Pine trees are a familiar example of gymnosperms
Gymnosperms: pine trees

Pine trees are a familiar example of gymnosperms, a series of evolutionary lines of woody vascular seed plants that produce seeds not encased in an ovary.

Two kinds of higher plants—the gymnosperms and angiosperms—have developed to become the dominant type of land plant. With the exception of a few aquatic angiosperms, they do not require water for pollen transfer and are thus free to live in a wide variety of habitats.

Gymnosperms and angiosperms differ primarily in the amount of protection they provide their ovules (the part that, after fertilization, becomes a weed), with gymnosperms usually providing less than angiosperms.


The first group of gymnosperms to appear was the progymnosperms. These plants evolved from the trimerophytes about 365 million years ago. Archaeopteris, the best-known progymnosperm, was described in 1871 by Sir William Dawson. Dawson believed that Archaeopteris was an ancient fern.

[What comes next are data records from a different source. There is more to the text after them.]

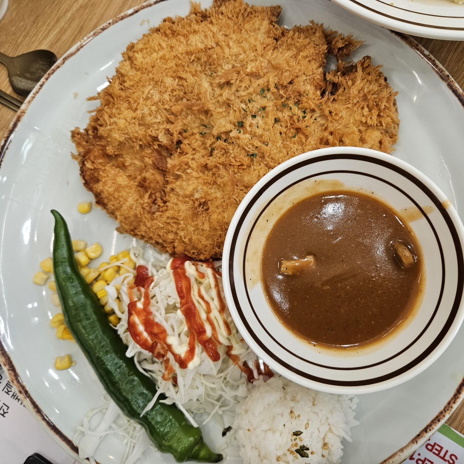 맛 또한 느끼함도 덜하면서 튀김옷은 어찌나 바삭거리던지. 거기에 돈까스 소스까지 맛있어서 계속 넘어갔답니다. 특히 소스에 버섯 슬라이스도 큼지막하게 들어있었습니다. 계속 먹다가 조금 느끼하다고 느낄 때쯤 고추를 먹어주니 느끼함이 싹 날아가더라고요. 양배추 샐러드는 케찹 마요네즈 소스로 옛날 돈까스 느낌이 물씬 났답니다.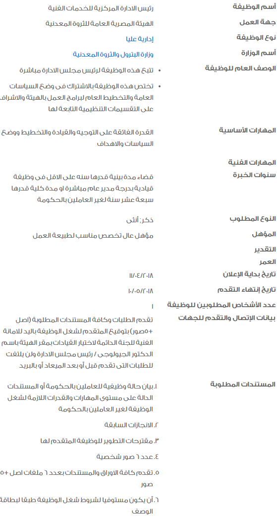 - قضاء مدة بينية لا تقل عن عام في وظائف من المستوى الوظيفي الأدنى مباشرة، أو ألا تقل الخبرة عن 17 عامًا تتفق مع طبيعة العمل بالنسبة لوظيفة مدير عام شئون الوحدات ذات الطابع الخاص.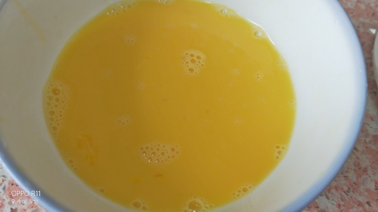 9. 待面糊表面凝固后倒适量蛋液用刷子均匀的刷上蛋液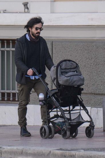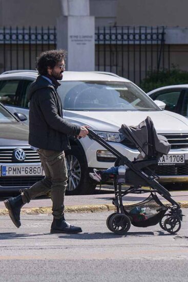 Ο ηθοποιός απολαμβάνει την περίοδο αυτή που ως νέος μπαμπάς, έχει την ευκαιρία να χαίρεται τη μικρή του και να κάνει μαζί της βόλτες στο κέντρο της Αθήνας.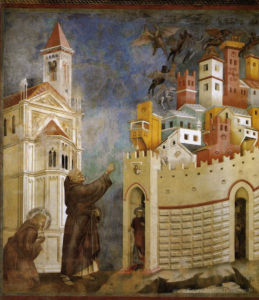 Nous vous proposons une reproduction artisanale sur toile du célèbre tableau 'Exorcisme des démons à Arezzo' de Giotto, provenant du Musée de la Reproduction.
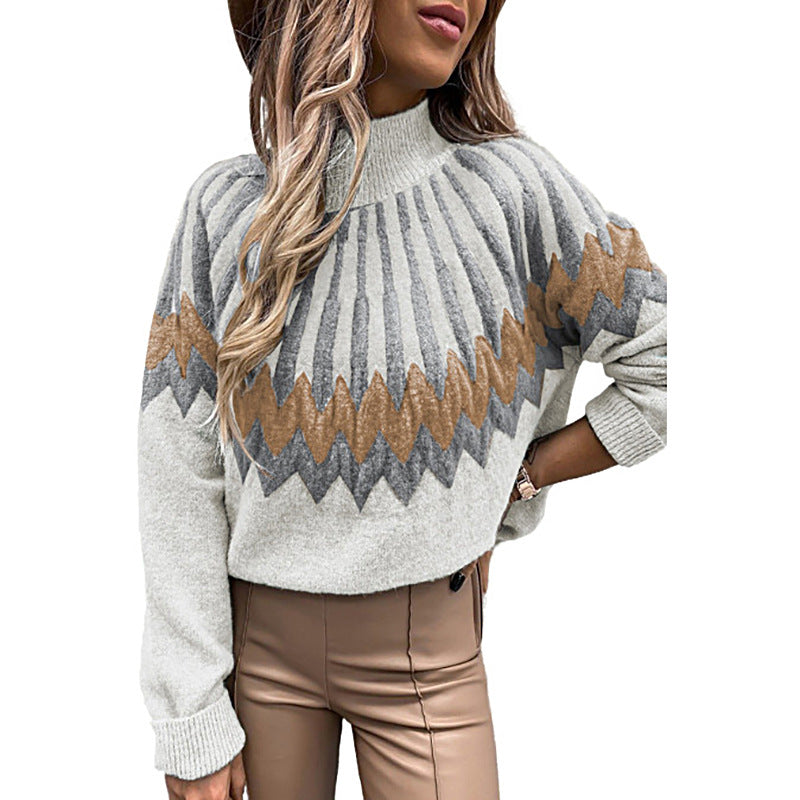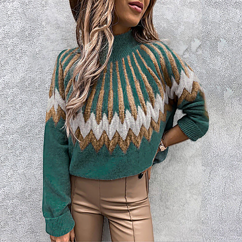 Kleiden Sie sich in diesem Winter und Herbst mit dem locker sitzenden Pullover im antiken Stil mit Rollkragen für Damen, um zu beeindrucken. Es zeichnet sich durch sein Art-déco-inspiriertes Muster entlang des Oberteils und der Ärmel des Pullovers aus.

He reached this conclusion because the large, leafy branch systems of Archaeopteris resembled a fern frond. In 1960 Charles Beck showed that these branch systems were borne on a stem having typical gymnospermous wood. This discovery led to the recognition of the progymnosperms as a distinct plant group which completely altered biologists’ view of gymnosperm evolution.

Archaeopteris reached an estimated height of about 18meters (59 feet). The main axis of the plant gave rise to a series of lateral branch systems, bearing primary branches in a single plane.

Archaeopteris, a Progymnosperms

The flattened branch system resembled a fern frond. The primary branches were covered with spirally arranged leaves. Some leaves bore eusporangia (spore-bearing structures that originate from a few cells).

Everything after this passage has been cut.